What the task asks:
Exact copies of all the lines below are wanted, without a single picture.

Dataset extract:

····················

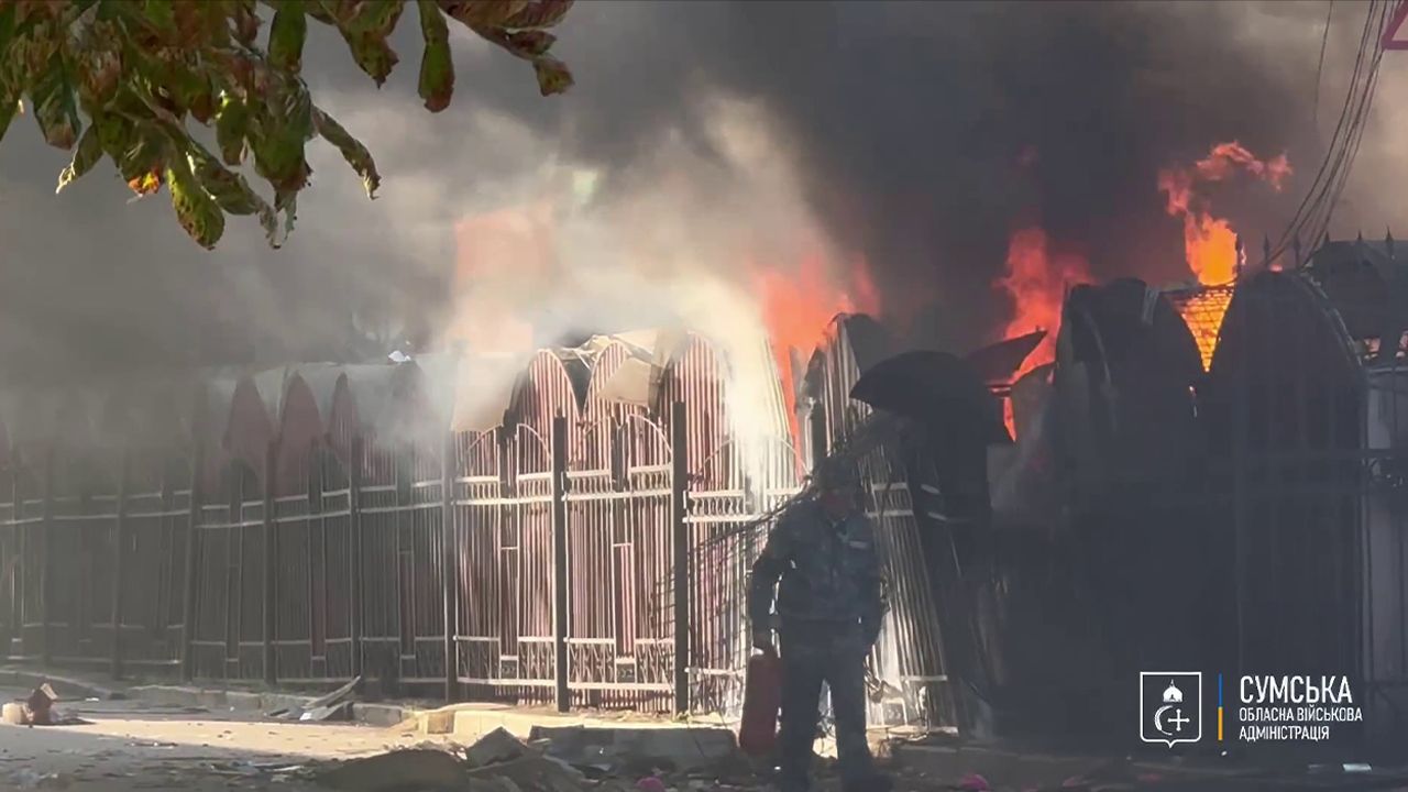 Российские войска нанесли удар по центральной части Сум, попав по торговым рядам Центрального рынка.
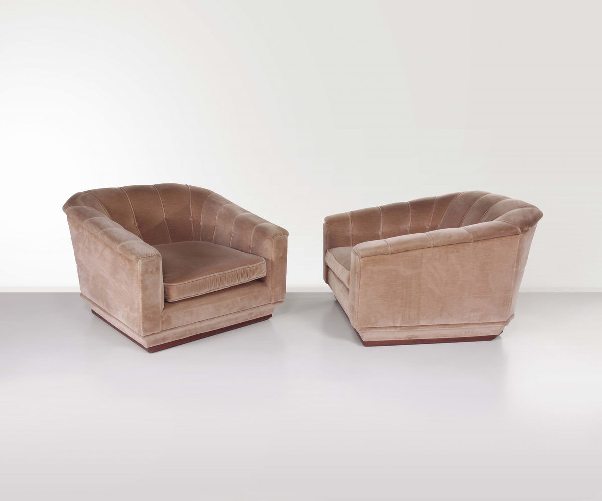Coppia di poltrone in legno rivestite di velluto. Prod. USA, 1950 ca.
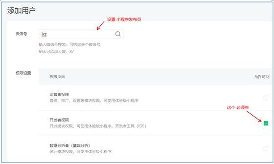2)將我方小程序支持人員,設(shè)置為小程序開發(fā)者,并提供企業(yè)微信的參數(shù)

····················

Written reply:
 Российские войска нанесли удар по центральной части Сум, попав по торговым рядам Центрального рынка.
Coppia di poltrone in legno rivestite di velluto. Prod. USA, 1950 ca.
2)將我方小程序支持人員,設(shè)置為小程序開發(fā)者,并提供企業(yè)微信的參數(shù)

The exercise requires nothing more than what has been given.